There’s a song that sometimes rings out across football grounds that tells you a manager’s time is nearly up.
It’s when his own fans, infuriated by dreadful performances and bad decisions, begin chanting “you don’t know what you’re doing”.
For the guy in the dug-out there’s almost nothing more humiliating, and there is rarely any way back.
Poor Humza Yousaf is lucky that his job doesn’t require him to stand in front of thousands of disgruntled punters each week. If he did, he’d surely be wincing at the cacophony raining down upon him.
It’s getting harder to believe that the First Minister is up to it.
This is not a question of his taking decisions that I or anyone else might disagree with, but that are legitimate according to SNP ideology or its governing programme.
He’s simply making terrible choices. And with each mistake, Yousaf appears more
and more out of his depth.
I think he’s starting to know it, too.
It was there in his wide-eyed appearance in front of journalists last week concerning his ridiculous invite to Scotland of Turkish President Recep Tayyip Erdogan.
Erdogan was the Islamist mayor of Istanbul in the late 1990s when he was jailed for publicly reading a poem that included the lines: “The mosques are our barracks, the domes our helmets, the minarets our bayonets and the faithful our soldiers.”
As Turkey’s long-serving leader, he has pursued an autocratic crackdown on democratic opponents and unpicked the country’s secular state, while supporting Islamist causes.
Following a revolt against his reign in 2016, Erdogan’s forces arrested journalists, lawyers, academics and politicians who had acted against him.
He is, of course, an ally of Vladimir Putin.
Humza Yousaf should have avoided Erdogan like the plague
There are a number of reasons that Yousaf should have avoided Erdogan like the plague.
The Turk is hardly in good odour with Scotland’s European allies and his sectarian,
Sultanic behaviour doesn’t exactly square with the SNP’s professed ambition to pursue a civic, inclusive nationalism.
As a Muslim himself, the First Minister might have thought to tread especially carefully.
As ever, confronted with the consequences of his miscalculated invite, which took place at COP28 in December, Yousaf was unconvincing in his own defence.
“I said the next time he’s in the United Kingdom why not come up to Scotland,” said the
First Minister, as if he was talking about some visiting Hollywood celebrity.
He would, he insisted, raise human rights concerns, “but I should say of course we do that in a way that also recognises we’re on a human rights journey as are other
countries.”
We are indeed all on a human rights journey, but any comparison on this front is verging on offensive.
It was left to the SNP’s coalition partners the Scottish Greens to sensibly point out that the Turkish regime is responsible for ethnic cleansing of the Kurds, shutting down independent media, and other gross violations of human rights.
If we don’t necessarily expect our leaders to get everything right, we do at least expect them to show a comforting degree of moral heft and intellectual wisdom.
When it comes down to it, good judgement is the most important skill a politician
needs.
As the months of his first year in office have passed, there has been precious little evidence that Yousaf has these qualities.
Shortly before the Erdogan affair, he found himself entangled in an entirely avoidable kerfuffle over the ban on XL bully dogs.
The Scottish government’s initial resistance to following the lead of Westminster in introducing restrictions on the breed led to an influx of the dogs to Scotland.
It was only then, and amid public alarm, that Yousaf agreed to follow suit.
Was this due to the SNP’s long-standing and politically driven determination to do things differently to the UK parliament whenever possible?
If so, that was very stupid.
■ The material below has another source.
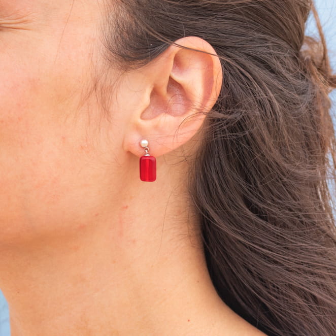 Ces somptueuses boucles d'oreilles Micro, réalisées à la main, combinent l'élégance de l'argenté avec la chaleur du rouge. voir plus

Or was it down to a lack of policy sense? In its way, that would be even more worrying.
These are only two examples of Yousaf’s seeming inability to act decisively in the public interest and in ways that might burnish his weak credentials as a man capable of the top job.
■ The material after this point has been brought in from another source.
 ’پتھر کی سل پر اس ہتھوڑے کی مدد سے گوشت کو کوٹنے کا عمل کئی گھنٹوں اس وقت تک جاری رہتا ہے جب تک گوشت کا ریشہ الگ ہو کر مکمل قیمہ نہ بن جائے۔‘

Too often Humza has to explain why his decisions have not gone to plan
Too often, we seem to see him standing in front of the press pack at Holyrood attempting and largely failing to explain why decisions he has taken have not gone according to plan.
However you vote, today more than for many years we’re looking for our leaders to provide a sense of security and to convince us that they’re making the right choices for the right reasons.
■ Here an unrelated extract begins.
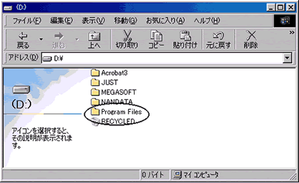 ![]() 上記画面はWindows98のマイコンピュータの画面です。 |
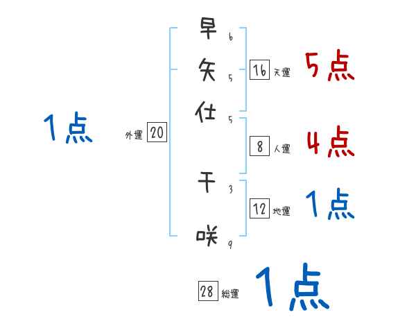 総運![]() | 早矢仕千咲さんの総運は28画の1つ星!家庭環境に注意。スポーツで活躍できる能力があるかも。 あなたの人生を表す1番重要な運勢です。生涯を通じて影響する総合運となり、主に50歳以降の晩年期に影響を及ぼします。 |

Basic competence, too, has rarely felt more essential.
The upsets and turbulence of the past decade have left the electorate lacking faith in the quality and integrity of politicians.
That badly needs fixed, which requires the right kind of people in high office.
Yousaf was dealt a bad hand from the start, only narrowly winning the SNP leadership when he was expected to walk it, and then having to confront a party in disarray and a damaging police fraud investigation that has still to reach its conclusion.
But he has played that bad hand excruciatingly badly.
It is very hard to avoid the conclusion that he simply doesn’t know what he’s doing.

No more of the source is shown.